Basın toplantısı yapacak, akredite koydu.

Sebep pandemi.

Kimler gelecek?

İha, Dha, AA,TRT...

Hımmm bu arkadaşlara serbest, gerisine pandemi...

Bir tarafından tutasım geldi.

Acaba sadece ajanslar mı çağırıldı?

E o zaman ANKA nerede...

Yoksa ANKA ajans değil mi ?

Bu kez de “Ajans ama yandaş değil” mantığı ortaya çıkıyor...

Vay arkadaş bu kadar adaletsizlik, bu kadar adam seçmece, bu kadar yandaşçılık, bu kadar acayiplik olur.

Çivisi çıktı artık.

Ayasofya açılışında pandemi yok, karedeniz mitinglerinde yok.

AKP milletvekili düğünlerinde yok, Haliç'te 100 bin yeni üye toplantısında yok.

İzmir'de basın açıklamasında var...

Sadece yandaş gelsin... Bahane belli pandemi...

Zaten açıklanan hiç bir değere hiç birimiz inanmıyoruz.

En azından söyleyenden daha çok onurluyuz.

İnanmamaya devam ediyoruz...

Sayılan ajanslar “A” dese alfabeye dört kere daha bakıyoruz...

Kendin çal kendin oyna Sayın Bakan, kendin çal kendin oyna...

***

Yuh sana TGRT

Şu camiden çav bella çalınması konusu.

Haftalar önce bunu yapanı yakalayamayacaklarını söylemiştim.

Hayatta bulamazlar...

Ama günah keçisi diye Banu Özdemir'i buldular ya...

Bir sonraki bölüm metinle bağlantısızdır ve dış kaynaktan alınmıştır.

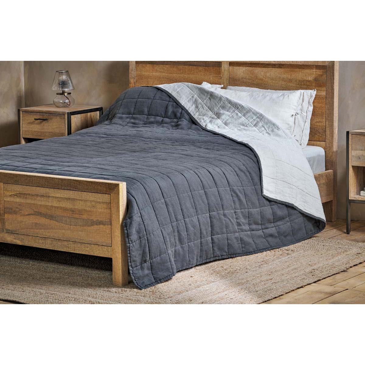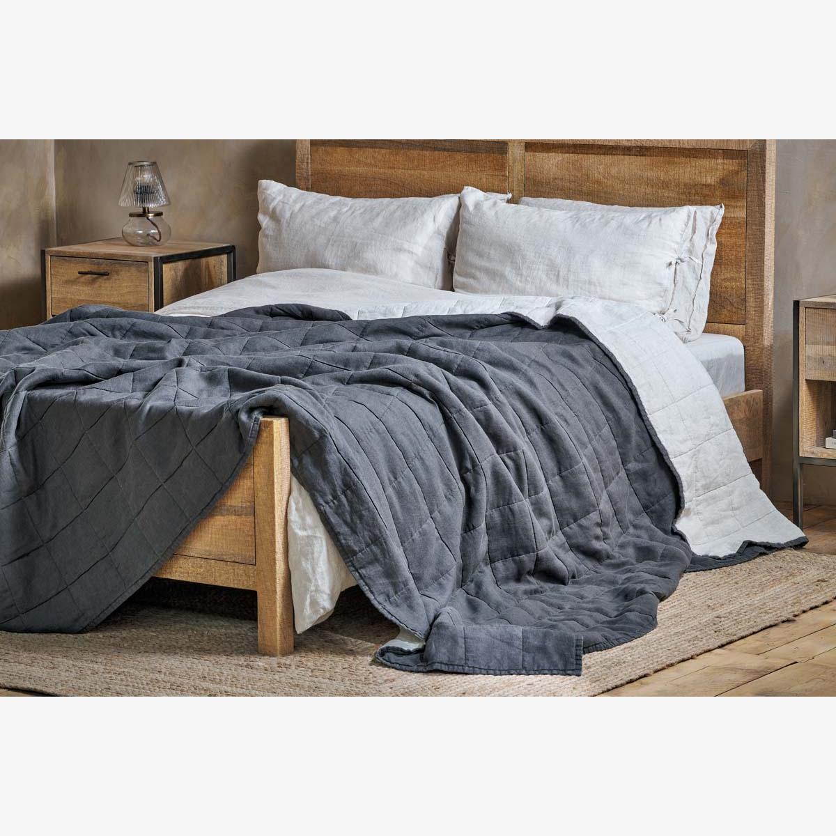 Nkuku Amar Linen Bed Quilt | Textiles | Charcoal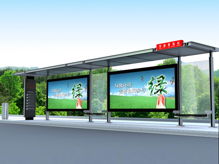 公交車候車亭一般是與公交站牌相配套的,為方便公交乘客候車時遮陽、防雨等,在車站、道路兩旁或綠化帶的港灣式公交?空旧辖ㄔO的交通設施。由于城市公交的日益發達,候車亭已發展成為城市一個不可或缺的重要組成部分,設計精美的候車亭也成為了城市一道美麗的風景。 一般候車亭棚體主要頂棚、立柱、頂弓、廣告燈箱和坐凳組成,也有用隔板來代替廣告燈箱的。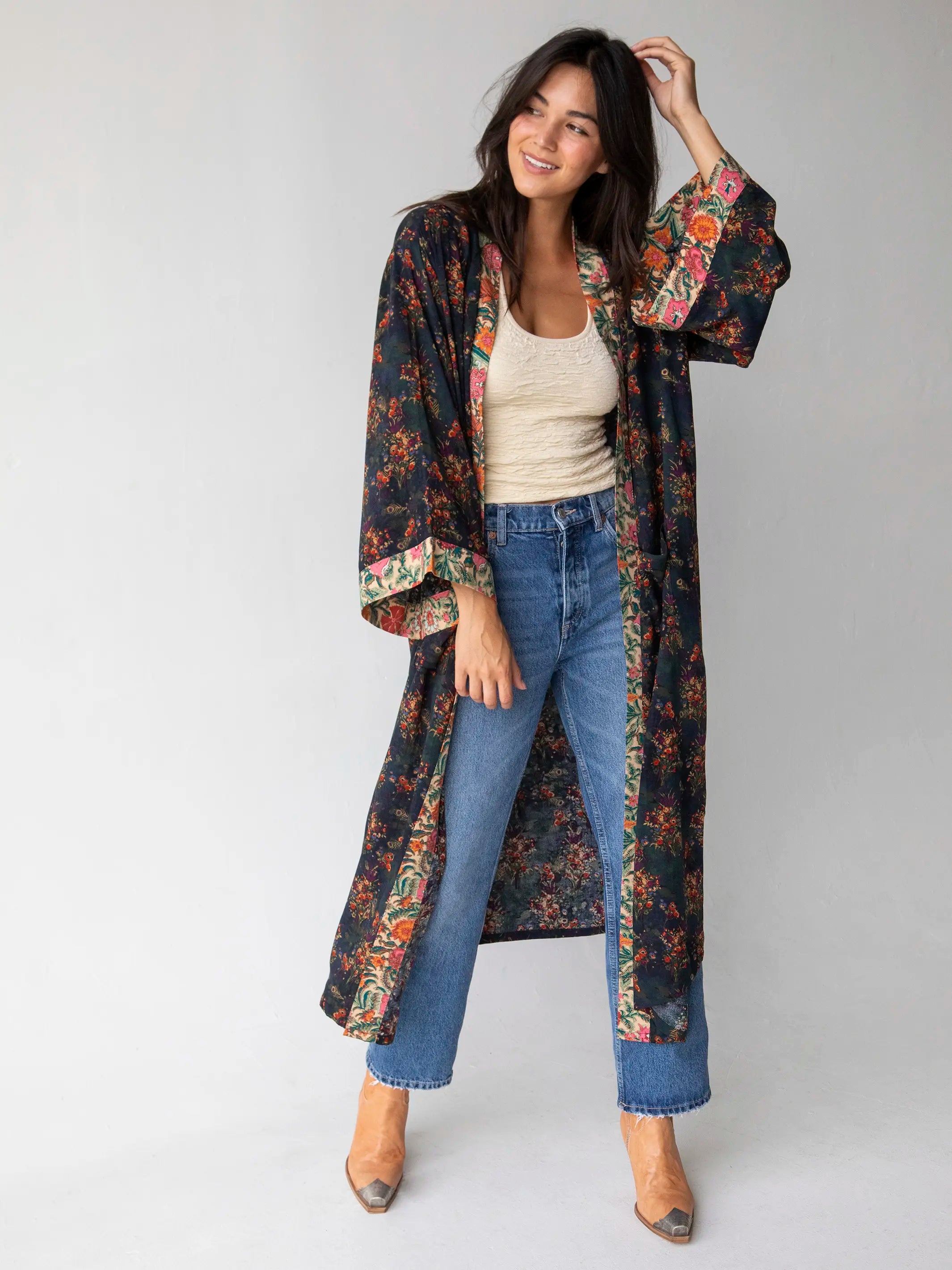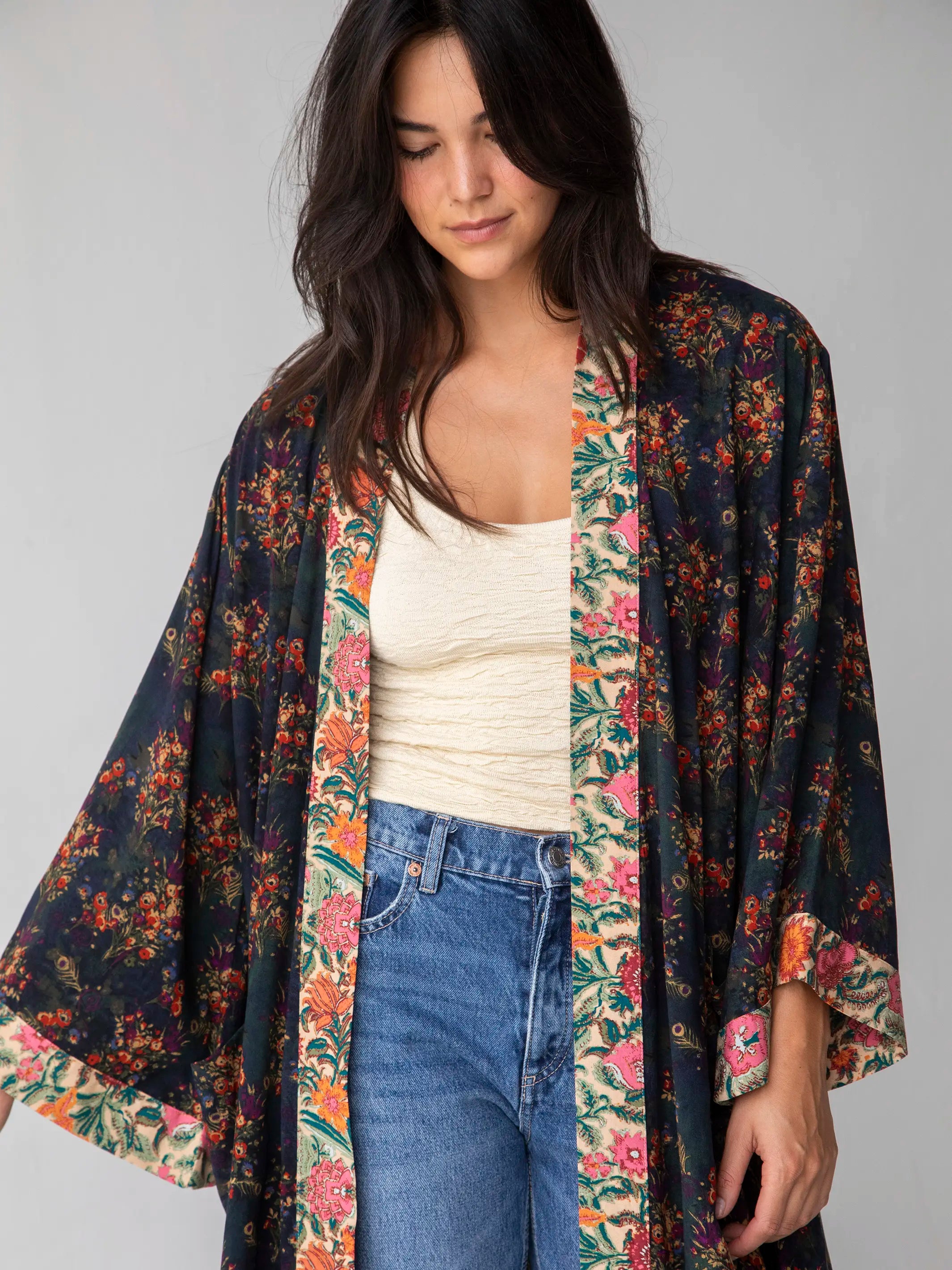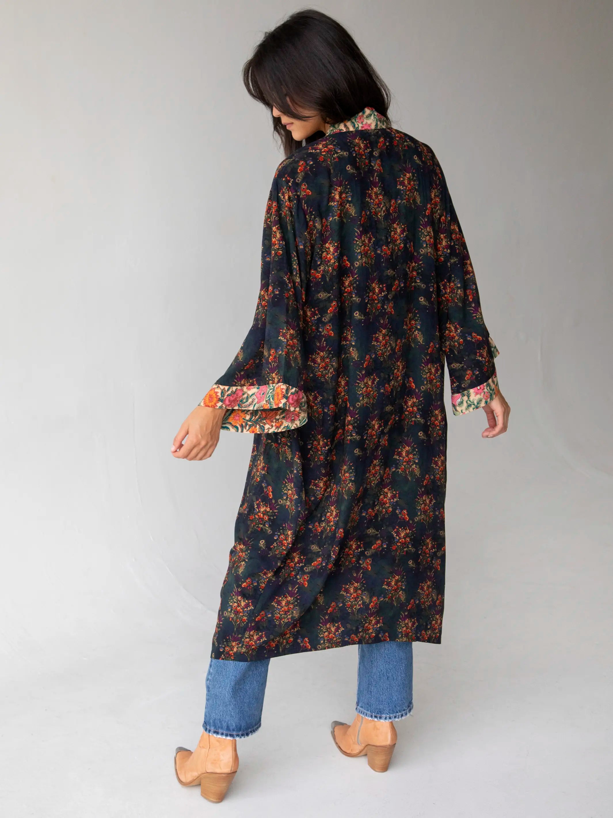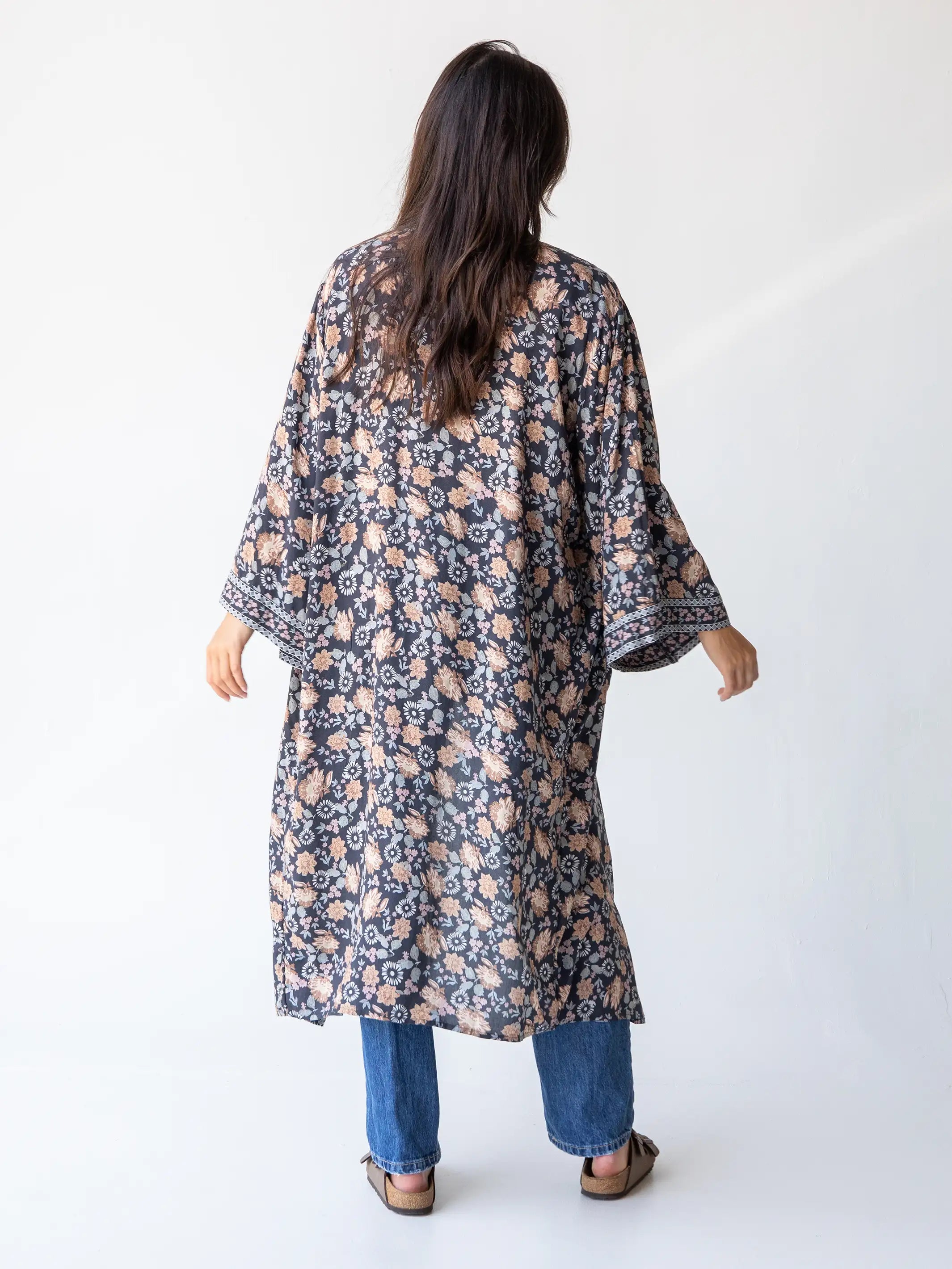 Camila Kimono - Indigo Tan Mixed Floral

Banu, paylaştığı twit nedeniyle geçen hafta içinde mahkemeye çıktı.

TGRT televizyonu haberi;

“Çav bella sanığı” diye verdi ya...

Haberi takla attırıp, camiden yayın yapan Banu imiş gibi verdi ya...

Pes diyorum pes...

Yuh diyorum yuh...

İftira en büyük günahlardandır, ey dindar kardeşim...

En büyük günahlardandır gıybet...

DELİ ZİYA ;

”Kaçayım buralardan diyorum, aklıma Müge Anlı geliyor, tırsıyorum.”